-------- Material for the task --------

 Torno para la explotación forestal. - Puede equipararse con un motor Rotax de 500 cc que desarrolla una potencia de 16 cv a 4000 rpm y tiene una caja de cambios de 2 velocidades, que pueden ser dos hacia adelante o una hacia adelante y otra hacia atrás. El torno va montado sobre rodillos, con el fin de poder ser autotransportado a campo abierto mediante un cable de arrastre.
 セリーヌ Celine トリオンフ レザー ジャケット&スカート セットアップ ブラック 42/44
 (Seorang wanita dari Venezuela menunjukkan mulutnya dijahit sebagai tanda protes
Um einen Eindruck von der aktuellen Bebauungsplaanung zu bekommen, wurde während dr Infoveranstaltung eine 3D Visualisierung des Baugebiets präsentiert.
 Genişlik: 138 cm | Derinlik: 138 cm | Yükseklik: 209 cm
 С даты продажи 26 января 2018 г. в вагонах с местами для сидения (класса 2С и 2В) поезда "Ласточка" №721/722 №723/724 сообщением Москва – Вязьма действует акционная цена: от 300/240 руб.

--------
-------- Material for the task --------

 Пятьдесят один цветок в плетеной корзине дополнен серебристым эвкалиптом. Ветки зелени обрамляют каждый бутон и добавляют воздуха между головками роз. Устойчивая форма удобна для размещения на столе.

--------

Exercise prompt
Copy the records above exactly, beginning at the line that contains "Genişlik: 138 cm" and stopping after the line that contains "С даты продажи".

Solution
 Genişlik: 138 cm | Derinlik: 138 cm | Yükseklik: 209 cm
 С даты продажи 26 января 2018 г. в вагонах с местами для сидения (класса 2С и 2В) поезда "Ласточка" №721/722 №723/724 сообщением Москва – Вязьма действует акционная цена: от 300/240 руб.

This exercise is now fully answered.